Золотая рыбка
Шрифт:
– По плечу… – проскулила Вера.
– Что-что?
– Он достоин… В том-то все и дело… Достоин он! Я знаю.
– Ну, раз достоин… Слушай, – притворно вскипела Таша, – мне материал сдавать, а ты тут со своими принцами… Хватит уж, перестань! Достоин – так пускай доказывает! А ты в форме должна быть! Ты знаешь, завтра четвертый номер выходит с твоей беседой. Как этого твоего архивиста и реставратора?..
– Даровацкий?
– Да, с ним. Звони ему, порадуй. Ну все, киска, давай в бой, а вечерком созвонимся.
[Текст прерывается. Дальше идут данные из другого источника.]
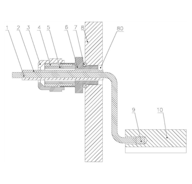 本实用新型公开了一种温度传感线的密封接头,包括设置于齿轮箱体侧壁上的传感线孔和设置在传感线孔内壁上的用于贯穿温度传感线的连接管头,该连接管头的内侧端连接在传感线孔内壁上,在连接管头的内侧一端外壁与齿轮箱体的传感线孔处设置有O型圈,在连接管头的外侧端连接有锁紧螺母,在温度传感线的外壁套设有热缩管,由温度传感线外壁向锁紧螺母的内壁方向依次套设有橡胶套和锥形橡胶爪,橡胶套套设在热缩管的外壁上,锥形橡胶爪的两端分别套设在橡胶套的外壁和连接管头外侧端的内壁上。本实用新型的密封接头保证了温度传感线引出时的密封可靠性,也保证了密封头对温度传感线的压紧力,可有效防止润滑油从齿轮箱体沿温度传感线的外壁漏出。
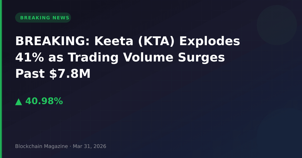 BREAKING UPDATE: Keeta (KTA) has experienced a dramatic 41% price surge in the past 24 hours, reaching $0.212899 as of 12:22 PM UTC on March 31, 2026. The token’s market capitalization has jumped $31.8 million to $109.19 million, securing the #250 ranking among all cryptocurrencies.
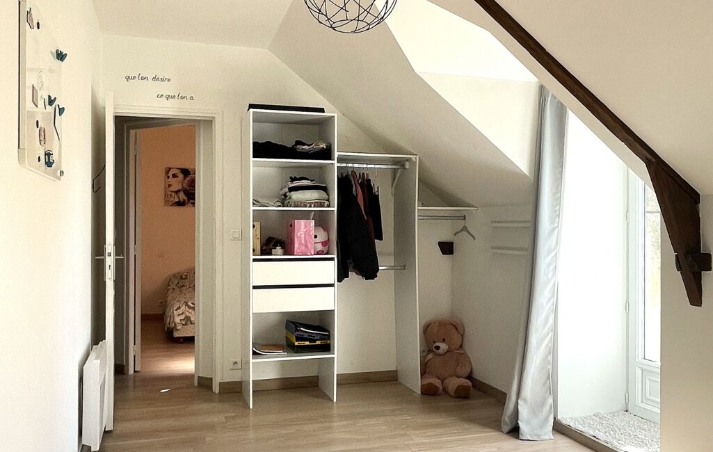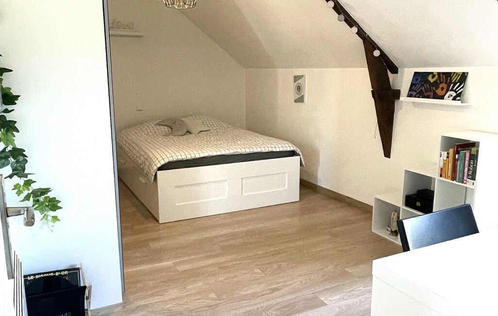 L'étage dispose de 5 chambres lumineuses sur parquet, une salle d'eau avec baignoire et douche, un bureau / salle TV et des toilettes indépendantes.

Вера вышла из Ташиного кабинета
– Владимир Андреевич? Это Вера Муранова из журнала «Лик» – я была у вас три недели назад. Помните? Хочу вас порадовать – завтра выходит номер с вашим материалом… Мне очень неудобно – я обещала принести материал вам на подпись, звонила все время, но вас не было. Что? Болели? Да. Да. Ну конечно! Хорошо. Как только номер журнала будет у меня на руках, сразу же привезу. До встречи…
Она, побелев, повесила трубку. В ушах звучали слова Даровацкого:
– Простите, сударыня, мою бестактность, но уверен, в нашей беседе – в том виде, в котором она выйдет в свет, нет ни слова о карте и кладе… Моя вина – я должен был предупредить вас об этом, но понадеялся на вашу тактичность и чуткость. Это ведь я вам рассказал, информация эта не подлежит разглашению… Еще раз простите, рад вас слышать, помню о своем обещании, надеюсь скоро увидеть. Теперь я доступен. Звоните.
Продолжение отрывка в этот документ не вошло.